Wow. Looks like he was just like us, driving our cars in ignorant dreams ofsafety, while we are carrying that gasoline. And some times, awful things happen.
He's a frigging *astronaut* for crying out loud. Bolden flew on the damned thing four times and commanded two missions. Yet even I knew the RCC panels weren't six inches thick back in 1981 when I studied the shuttle program for a school project. If a 13-year old kid can find this out with a minimum of effort and no Internet, what's his excuse? At any time he could have walked over to one of the OMFs and held an RCC panel in his own hands. A more apt automotive analogy would be to compare Bolden's knowledge of his vehicle to that of a race car driver. I challenge you to show me such a driver that doesn't know his car intimately, inside and out.

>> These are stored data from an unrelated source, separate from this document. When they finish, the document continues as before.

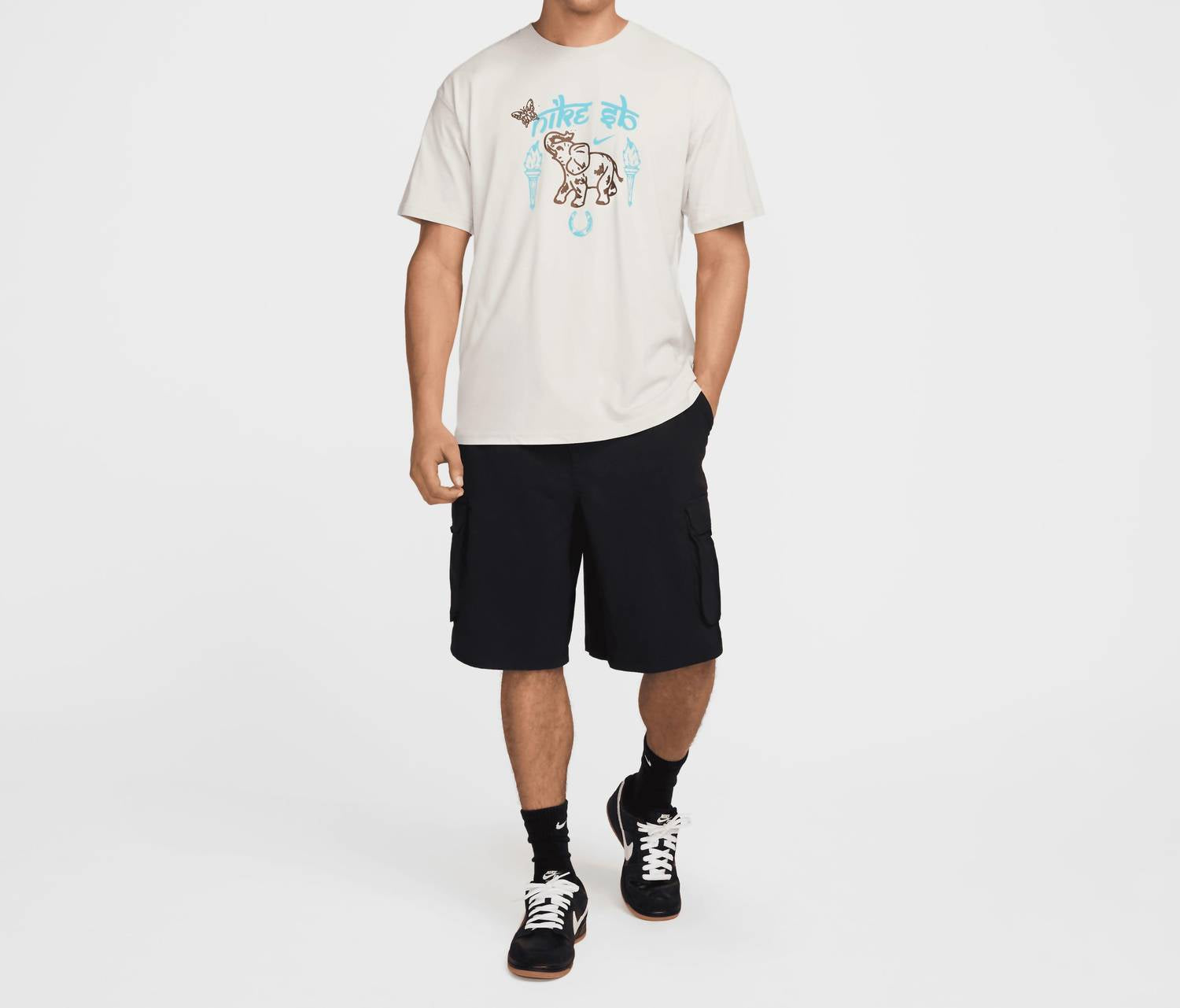The Nike SB Max90 OC Elephant Shirt in Lt Bone is a standout short sleeve piece perfect for streetwear lovers. Made from 100% cotton, this graphic tee combines comfort with a slightly structured feel for daily wear. Its ribbed collar and dropped shoulders offer a roomy fit, ideal for casual outings or game day. This pull-on garment is machine washable and imported, ensuring both style and ease of care.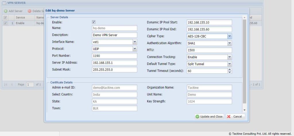 Step 1 : Navigate Configuration > VPN > SSL-VPN Server > Add > enable the services Provide the descriptions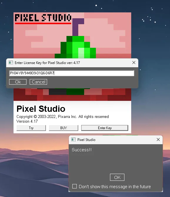 To start using Pixel Studio, you first need to install it on your computer. Then, when you open it, you will see a screen where you have to activate it. It will look like the picture below.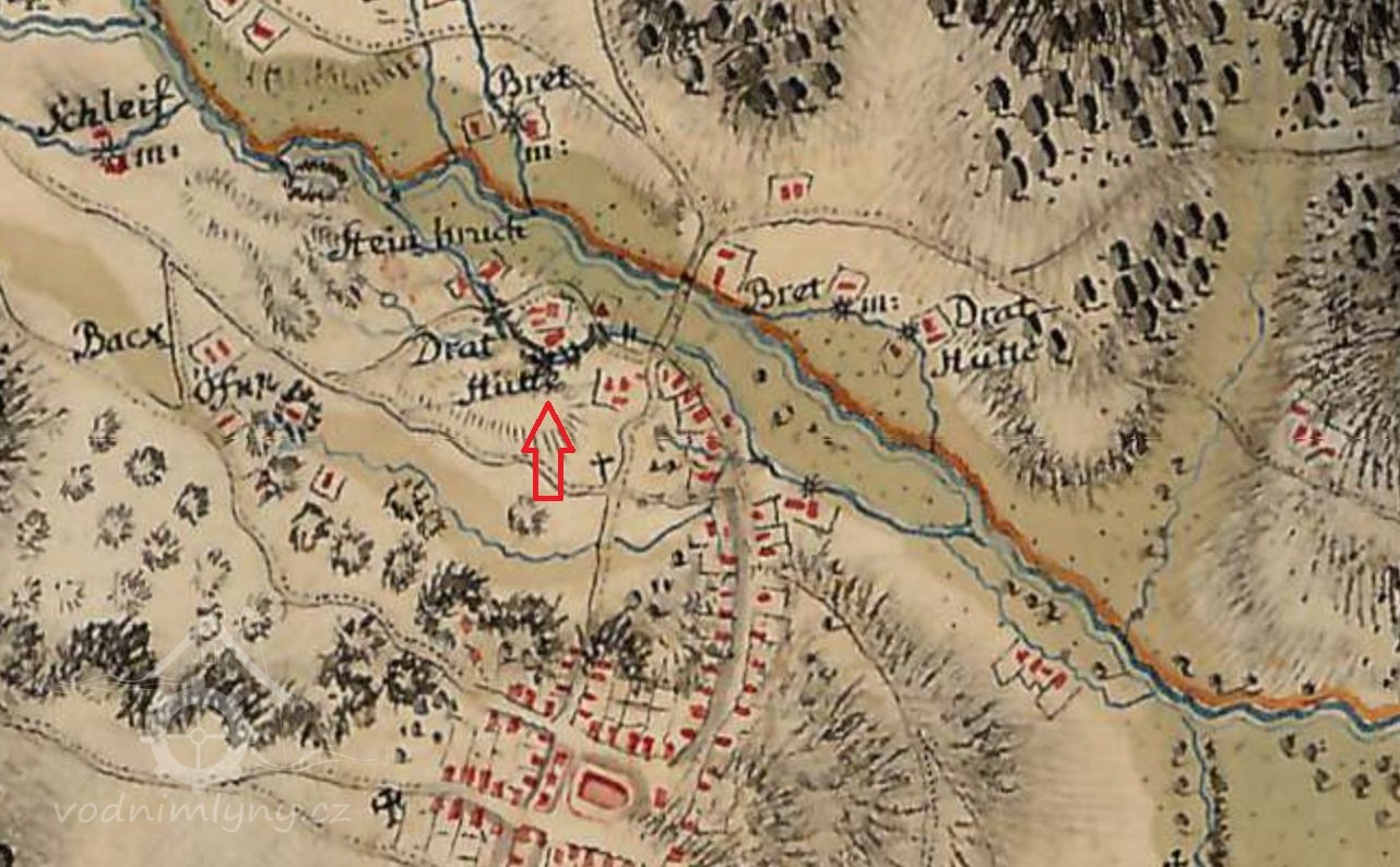 Mlýn zřízený ve druhé polovině 18. století při drátěné huti, která později zanikla. Koncem 19. století byl mlýn přestavěn na továrnu na zátky, která po úspěšném působení zanikla po 2. sv. válce. Po její demolici byl na pozemcích vybudován areál Dřevokombinátu.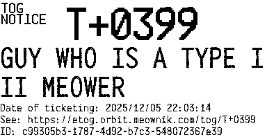 Orbit eTOG Listing Service: T+0399 GUY WHO IS A TYPE III MEOWER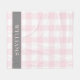 This chic blush pink and white buffalo check pattern blanket has a grey strip on the bottom with a family name in blush pink text. Personalise with your own name or to give as a gift.

The shedding foam was seen as a low mass substance that would bounce off the shuttle, especially given that the differential speeds between it and the still accelerating rocket were not as large as if it was not moving at all.
During the last launch of Atlantis four months prior to Columbia's last flight, a piece of shed bipod foam put a three-inch deep dent into one of the SRB attach rings, which are half an inch thick and made of steel, so there was documented evidence that shed foam could cause substantial damage prior to Columbia's flight. And yes, this was brought to management's attention as something to be concerned about.
And while it's quite easy to sit back and declare the shuttle designers assholes because no one in their right mind would ever design a leading edge tile so thin - do you know the physical aspects of creating those ceramic tiles? The aspects of attaching them to the vehicle? Or do you figure that they purposely designed them so thin so as to create a failure mode? That my friend, would merit criminal prosecution.
I'm not criticizing the designers. I'm criticizing the management that decided it was safe to fly in the face of documented issues that suggested otherwise without even looking into them.